Начались томительные приготовления к похоронам.
Тяжелый спор пришлось выдержать дяде из-за того, хоронить ли Намию по обряду христиан или согласно с древними Римскими обычаями. Аттузия, с криками, настаивала на том, что Намия – христианка, потому что над ней, на смертном ложе, была совершена тайна крещения. Отец Никодим угрожал, что он пойдет жаловаться, через какого-то Иеронима, которого называл святым человеком и великим писателем, самому архиепископу Римскому Дамасу на то, что христианку насильственно хотят похоронить по обряду идолопоклонников. Но дядя, во всем остальном предоставлявший делать в доме, что угодно, в этом отношении проявил волю непреклонную. Ударив кулаком по столу, он опять напомнил, что он отец семейства и что в его доме он один имеет право отдавать приказания. Он даже удивил меня своей твердостью, и таков был его голос, что и Аттузия не посмела возражать далее.
Призвав к себе меня, дядя дал мне довольно значительную сумму денег и поручил все хлопоты по похоронам именно мне. Он желал непременно, чтобы тело Намии было сожжено на костре, как то обыкновенно делалось в века свободной республики, а не погребено в земле, как то предпочитают многие в наши дни, может быть, бессознательно подражая христианам. Кроме того, дядя поставил таким же непременным условием, чтобы погребение совершилось ночью, как то было в обыкновении у наших предков и как то вновь установил божественный август Юлиан.
По счастию, помогать мне вызвался Элиан, вернувшийся в Город на другой день после смерти Намии, потому что без его содействия мне было трудно справиться с горестным поручением, возложенным на меня. Мы вместе вели переговоры с либитинариями и вместе подробно обдумали весь порядок печального обряда. Немного странно было мне находиться в постоянном общении с мужем той женщины, от поцелуев которой столько раз разгорались мои щеки и губы, но он держал себя со мною с достоинством и дружественно. Мне кажется, он не был неосведомлен о моих частых посещениях его дома и догадывался о их причине, но о Гесперии он говорил со мною так же просто, как обо всех других.
Поллинктор натер безжизненное тело Намии ароматными маслами, так что тление не касалось ее, и она лежала на пышно убранном ложе, поставленном в атрии, такой же миловидной, какой была при жизни; даже на ее губах, несмотря на предсмертные страдания, сохранилось подобие лукавой улыбки. Девочка была одета в свое лучшее праздничное платье, вокруг ложа были рассыпаны ветки кипариса и цветы, на маленьком алтаре, поставленном подле, постоянно курились ароматы. А у самого входа в дом, над дверью, тоже грустно колыхалась ветка кипариса, указывая всем, что смерть посетила эту семью.
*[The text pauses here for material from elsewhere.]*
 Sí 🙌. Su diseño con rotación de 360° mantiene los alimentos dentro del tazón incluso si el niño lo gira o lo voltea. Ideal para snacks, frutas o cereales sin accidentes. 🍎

За три дня, что тело Намии было выставлено в атрии, дом Тибуртина посетило множество родственников, которые раньше никогда не появлялись здесь. Между другими приходила двоюродная сестра дяди, следовательно, также моя тетка, Нумерия, вдова консуляра и бывшего префекта Африки. Нумерия хорошо знала мою мать и пожелала меня видеть.
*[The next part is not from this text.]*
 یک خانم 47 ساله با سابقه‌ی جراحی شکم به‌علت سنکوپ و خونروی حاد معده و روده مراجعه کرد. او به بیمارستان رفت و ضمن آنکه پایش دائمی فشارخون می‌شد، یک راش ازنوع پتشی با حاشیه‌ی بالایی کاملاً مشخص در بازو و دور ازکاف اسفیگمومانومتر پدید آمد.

Старая, толстая женщина, очень богатая, как уверяют, но скупая, Нумерия со всеми привыкла говорить резко и повелительно. Меня она встретила суровыми упреками:
– Что же ты, племянник, целую зиму в Городе, а не выбрал времени навестить меня? Гордиться тебе особенно нечем: если твой отец – декурион в какой-то Лакторе, то мы видали людей званием куда повыше. А если ты своими достоинствами горд, так погоди, пока другие похвалят. Хотя я и старуха и вдовая, а все-таки у меня в доме ты мог бы увидеть людей, которые тебе потом пригодились бы. Пришел бы да поклонился бы, может быть, я что-нибудь для тебя и сделала бы. Теперешняя молодежь кланяться разучилась, а в наше время спины не жалели и выходили в люди.
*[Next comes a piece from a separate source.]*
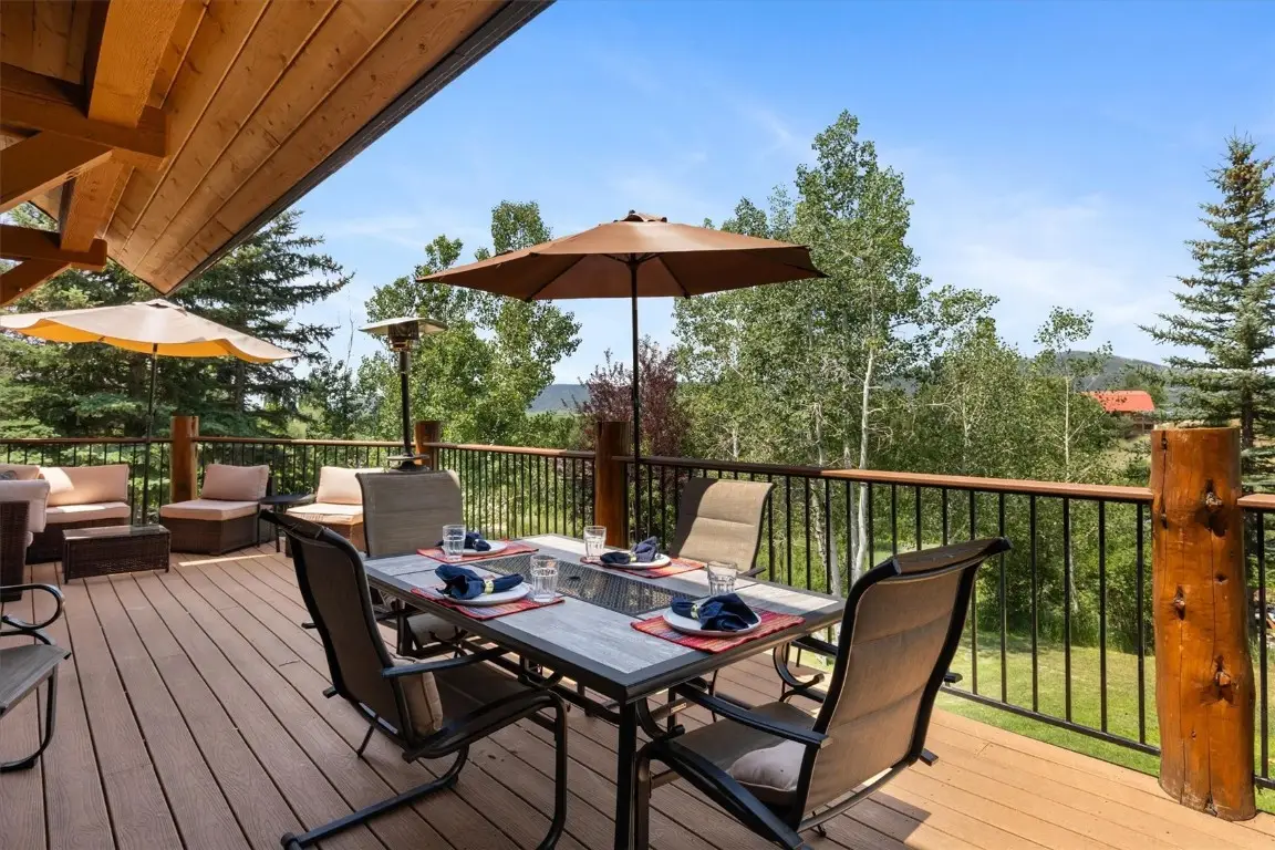 Tucked into one of Steamboat Springs’ most peaceful neighborhoods, this four bedroom plus den, 4.5-bathroom, post-and-beam home offers timeless mountain charm, functionality, and a rare opportunity in the highly sought-after Running Bear subdivision — where homes rarely change hands and lot sizes ensure privacy and space between neighbors. Situated on a .73-acre lot with sweeping views of Emerald Mountain and the South Valley, the home is designed for both everyday living and entertaining - with plenty of room to expand. Vaulted ceilings, hand-peeled log accents, and post-and-beam architecture lend rustic elegance, while natural light floods through large windows, highlighting oak hardwood floors and a stunning stone fireplace. The spacious kitchen offers solid granite counters, custom cabinetry, built-ins, and flows seamlessly into an extended dining area that opens to a newer low-maintenance deck — perfect for soaking in the views. Ideal for guests, long-term tenants, or a live-in caretaker, this property boasts a legal full apartment (ADU) with a private entrance. Perched above the spacious three-car garage, this self-contained suite features an additional separate bedroom, a full bath, a full kitchen, a living area with a fireplace, and a separate entrance. A mudroom/laundry area connects the oversized garage directly to the kitchen — an ideal setup for Steamboat’s active lifestyle and allows quick access to unload groceries. Upstairs, you’ll find a generous primary suite with a 5-piece bath, plus two additional ensuite bedrooms, including one with a bonus flex space, perfect for a playroom, home office, or media room. The lower level features a large, second family room with wet bar, an additional guest bedroom, a full bathroom, space for a home gym or workout space, and walk-out access to a beautifully landscaped yard and stone patio. New carpeting throughout enhances this space.

Я, конечно, ответил, что не был у Нумерии не из гордости, а потому, что не хотел ее тревожить без надобности, и потому, что был очень занят своим учением в школе. Старуха тотчас стала бранить все школы и сказала, что в ее время учились не у реторов, а в консисториях префектов и в войске, зато и получались люди вроде ее покойного мужа, способные занимать кресло консула и управлять целой префектурой. Потом Нумерия набросилась на тетку Меланию и с крайней безжалостностью стала обвинять ее в смерти дочери.
– От хорошей жизни, – говорила она, – не побежит девочка топиться в Тибр. Должно быть, невесело жилось ей в родном доме! А теперь плакать поздно, – что было, не воротишь.
Что-то неприятное сказала она и дяде, попрекнув его, что он кичится своим званием сенатора и не ищет должности при императоре.
– Давно пора понять, – объявила Нумерия, – что Сенат оставлен как раб-придверник, сидящий на цепи, и что все его дело – возглашать имена новых императоров. А если посягнут сенаторы на что-либо большее, так и их пошлют в каменоломни, не побоятся! Дожил ты до седых волос, а ума не нажил, воображаешь, что дело делаешь, подавая никому не нужный голос!
Все были рады, когда свирепая старуха села в свои носилки и удалилась, грозно покрикивая на своих напуганных рабов. Но разве не удивительно то, что старикам годы их молодости всегда кажутся золотым веком? Надменная Нумерия искренно считала, что правление великого лицемера Констанция, когда империя, как муравейник муравьями, кишела доносчиками, было временем торжества Римской доблести, еще не тронутой испорченностью новых дней!
Несколько раз приходила, конечно, и Гесперия, но я избегал встречаться с ней: мне было страшно взглянуть в ее глаза перед телом бедной Намии, умершей, может быть, именно из-за нее. Посетила дом и Валерия, хотя она не была в родстве с нами, заплакала, смотря на безжизненное тело девочки, и долго томила меня выражениями сочувствия, предлагая свою поддержку, чтобы перенести удар Фортуны. Наконец, пришел и мой Ремигий, которого Намия почему-то не любила: он был бледен и худ, и когда я спросил его, что изменилось в его жизни, ответил словами Вергилия:
– «Будь жребий твой лучше!»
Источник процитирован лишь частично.